Winstar/1992/134/WS 1.85

     Akira Kurosawa's swan song should have been a better a movie. It's small in scope, visually claustrophobic, and the plot is often annoying. How could the master director spend almost half an hour on the subject of a lost cat. Did I miss something?

The sensei and his students. ©Winstar

      Madadayo opens in Tokyo 1943 as a revered professor announces his retirement to his students after thirty years in front of classrooms. Former students are totally devoted to their professor and fawn on his every word as if he were Socrates or Shakespeare. There's a strange absence of acknowledgement of the war, though bomb damage impacts on the script. I wondered why all these young men were not serving somewhere on the war front.
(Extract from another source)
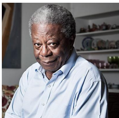
Figura 2 - Milton Gonçalves

Nós brasileiros negros somos 52% da população e a gente ainda não se conscientizou de que somos essa porcentagem da população. O dia que a gente tiver ciência disso, nós vamos mudar esse país (GONCALVES, 2017).

But, that's the least of the problems of Madadayo, which translates to "not yet." At every turn, the professor's students jump to attention at his beck and call. They don't even seem to have lives of their own. Their obsequious laughter responds to every supposedly witty remark uttered by the professor.
    There are elements of charm in depicting the relationships of professor to his students, but it wears thin after a while and the lost cat is simply the last straw. The center piece of Madadayo is the annual birthday celebration for the professor organized by his former students. The affair becomes more ritualized through the years.
    The acting seems right out of a soap opera. Subtlety is not the order of the day in Madadayo. The script subverts any potential from these cardboard characters. After two hours spent with Madadayo, you don't get to know much about the characters.
   Kurosawa's legendary cinematic compositions are seldom in evidence. The camera is static and uninteresting. Only the beautiful closing transcends everything that came before it in a reminder of the visual power of Kurosawa's Dreams.
    Sadly, the transfer of Madadayo is even more disappointing than the film. It's simply ugly. Edge enhancement permeates every aspect of the transfer. It's very prominent. There's even faint ghosting and color smear on many outdoor scenes is awful. Lots of soft images despite the pervasive enhancement. Jitter is evident in a number of scenes. Flesh tones are pasty, unappealing. There's little vitality in evidence in this DVD. The sound is pedestrian and there are several scenes in which an annoying hum creeps in to accompany the lousy picture. At least the yellow English subtitles are easy to read and the simple story easy to follow. The best thing about the DVD is a small presentation of several beautiful Kurosawa drawn story boards. The vitality is absent fromt he movie.